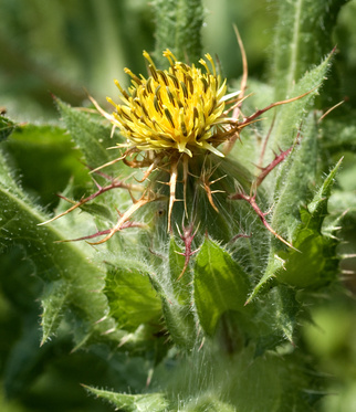 - Gelbe, von bestachelten Hüllblättern umgebene Blütenköpfe
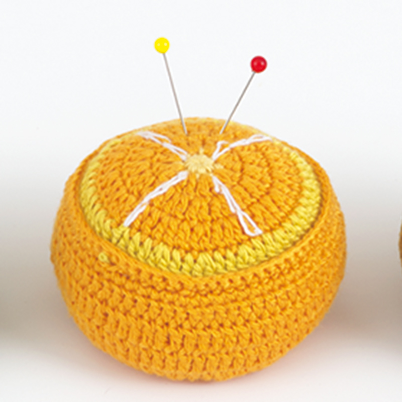 ヨーロッパで人気のコットンウールで編み上げた置いているだけでも可愛いオレンジザインの針山文鎮。中にはファインサンドが入っています。ちょっと型紙を押さえるなどの錘にも。
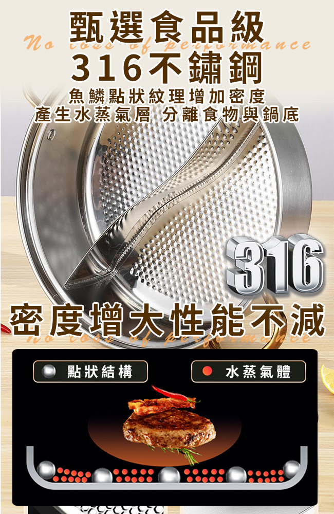 ◆採用頂級316不鏽鋼製造,導熱效能快速且均勻

→ WHAT TO PRODUCE:
All of the material must be given again exactly, though no picture may appear in the copy.

→ WRITTEN SOLUTION:
 - Gelbe, von bestachelten Hüllblättern umgebene Blütenköpfe
 ヨーロッパで人気のコットンウールで編み上げた置いているだけでも可愛いオレンジザインの針山文鎮。中にはファインサンドが入っています。ちょっと型紙を押さえるなどの錘にも。
 ◆採用頂級316不鏽鋼製造,導熱效能快速且均勻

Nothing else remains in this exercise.